- **DATASET SECTION**:
-- -- --

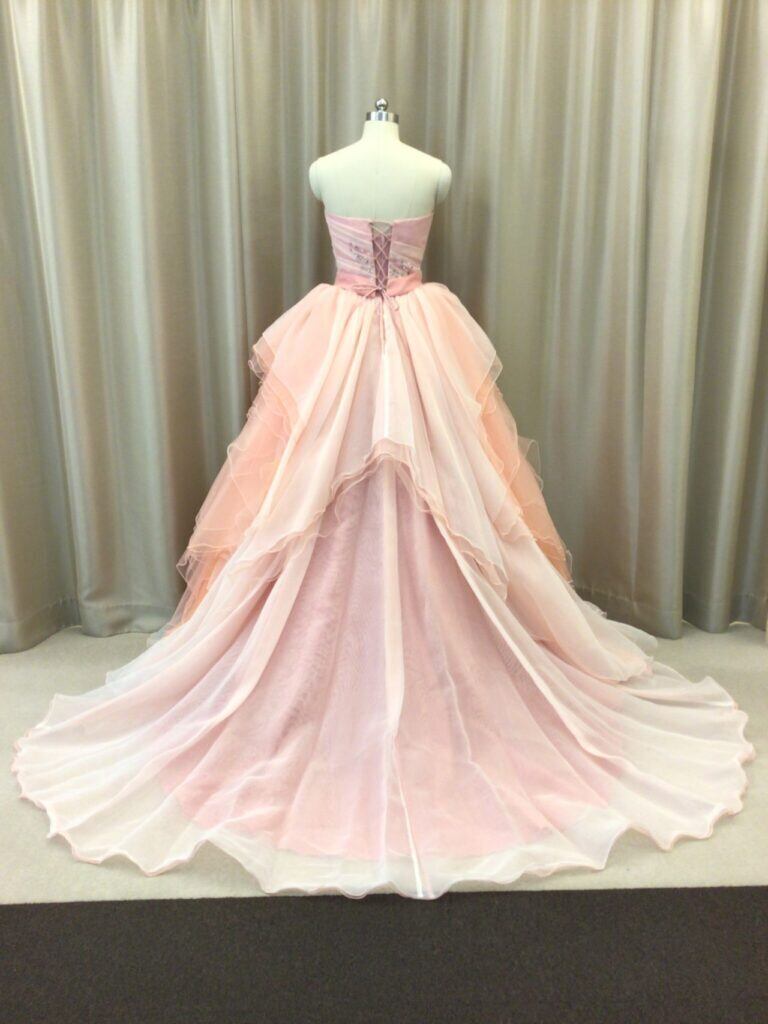 美品!コーラルピンク コーラルオレンジ カラードレス フリル パーティードレス ロングトレーン ビジュー ミディアムドレス 花嫁/前撮り
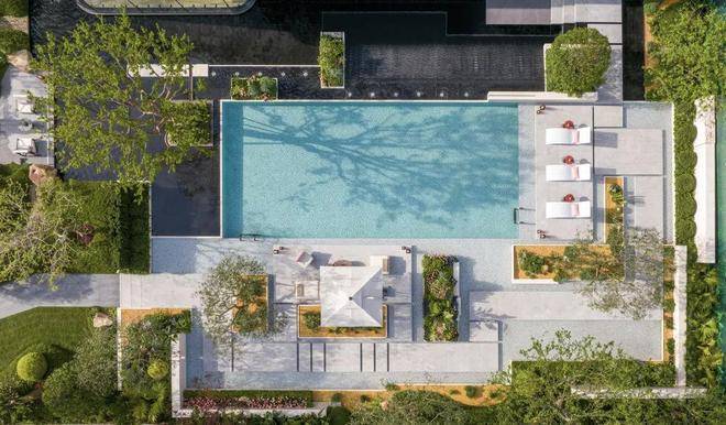 入口景观、静谧水院、林境空间、度假戏水池四重主题景观,循着高台层层铺叙递进。
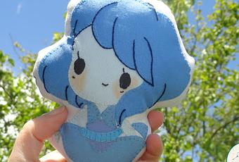 Teresa es mi sobrina, la más pequeña, 12 años, una gran melena, una mirada alegre y un espíritu generoso. Me pidió que le hiciera a su amiga Marina un muñequito lo más fiel posible a Lapis de Steven Universe. Me mandó el dibujo original y yo busqué entre mis telas azules. Con una aplicación festoneada reproduje lo más fielmente que pude el personaje que hasta ese momento desconocía. Lo rellené de miraguano (o floca, o guata, o como tú lo quieras llamar) y se convirtió de este modo en un cojincito blandito (requisito imprescindible), del tamaño de una mano (también importante) con Lapis como protagonista.
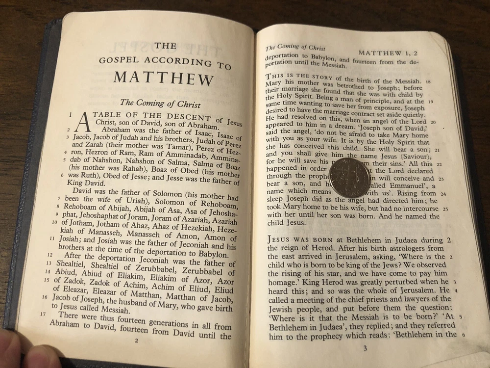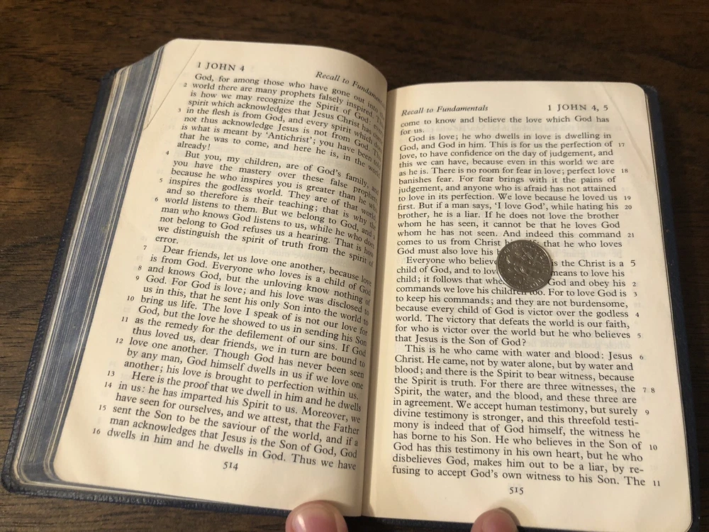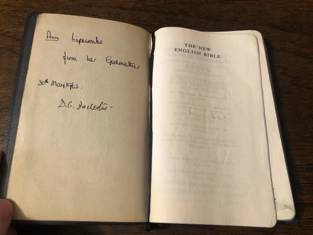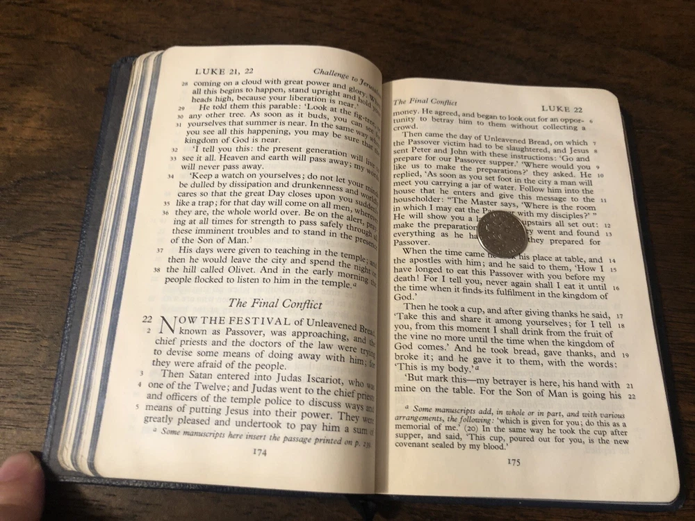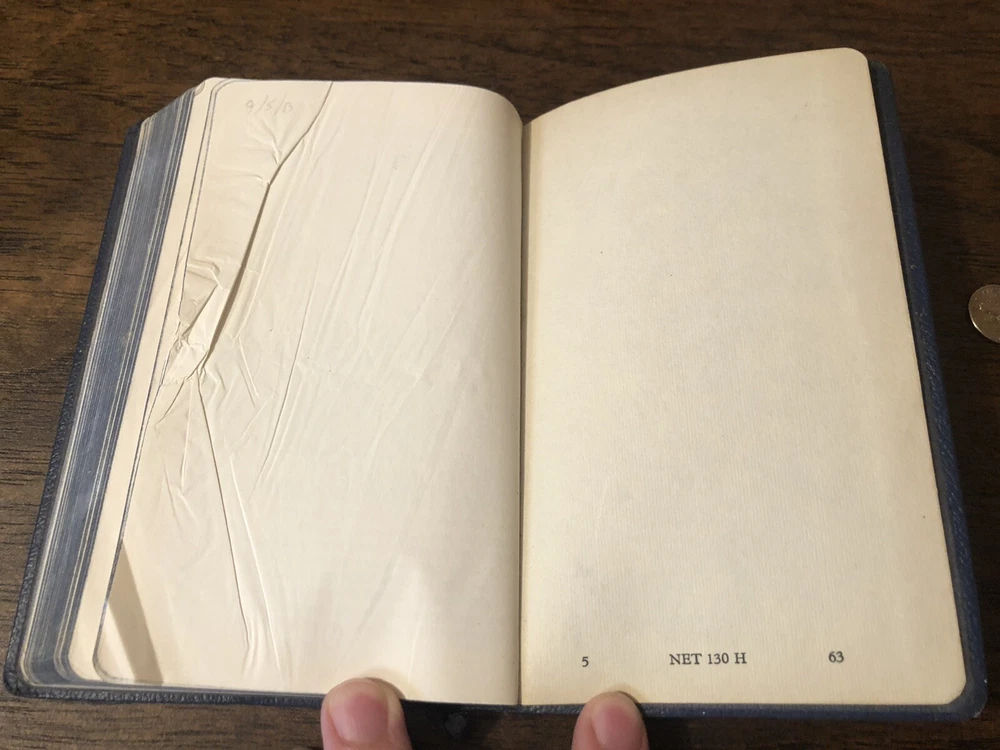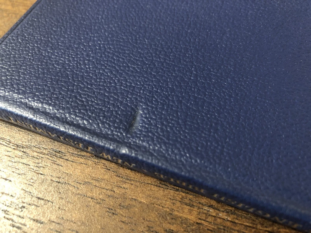 Oxford Cambridge NEB NT New English Bible Navy Leather Art Gilt 130H These are exceedingly rare, but over years and diligent searching I’ve acquired several of these and decided to part with them from my personal collection. This is a navy 130H NEB with the New Testament only. It features perhaps the most pleasant reading format available for the Bible, single column with a rather perfect character line count, with the verse numbers outside the text. The gilding has some mild abrasions, but the way the art-gilt reflects light, you’d think it was merely faded. The binding imitation leather or "rexine," but it is much more flexible than most of the others I’ve handled. That being said, it doesn’t really want to bend and it would need some gentle usage before it softened up. I found no writing in the text, though the front blank page has an inscription. I found a crumpled page in the very back and the binding has an indentation on it. Black letter Reinforced sewn text block 6 x 4 x .5 inches Dime used for comparison Note: I do not accept returns unless the item was not as I described because of a mistake I made. If the item is smaller than you thought it would be (because you didn’t read the description with dimensions), that’s on you. I do not cancel orders for any reason, even if you accidentally ordered it. It takes about 3 steps to purchase an item, so if you paid for it, it’s yours. I make these annoying rules because so many customers have recently treated the purchase of items flippantly and I have to draw a line somewhere. Well, here it is. I always list any writing, stains, tears, or imperfection of any kind. And I always list the condition conservatively, so you should expect the item to be in better condition than listed. Unlike the vast majority of sellers out there, I refuse to hide imperfections through cleverly taken pictures or obscure descriptions. I try to include as many pictures as necessary to highlight the imperfections rather than the beauty of the items, which is part of why I have an elevated Seller Status and perfect feedback in which many consistently report back “just as described” or “better than described.” If I miss something by accident, please contact me so I can make it right. My flawless feedback should speak for itself, but you won’t be disappointed! Thank you for your business and God bless!

-- -- --

Each line from the first line of the material above through the line containing "入口景观、静谧水院、林境空间、度假戏水池四重主题景观,循着高台层层铺叙递进。" is to be reproduced exactly, with both ends kept and pictures left out.

 美品!コーラルピンク コーラルオレンジ カラードレス フリル パーティードレス ロングトレーン ビジュー ミディアムドレス 花嫁/前撮り
 入口景观、静谧水院、林境空间、度假戏水池四重主题景观,循着高台层层铺叙递进。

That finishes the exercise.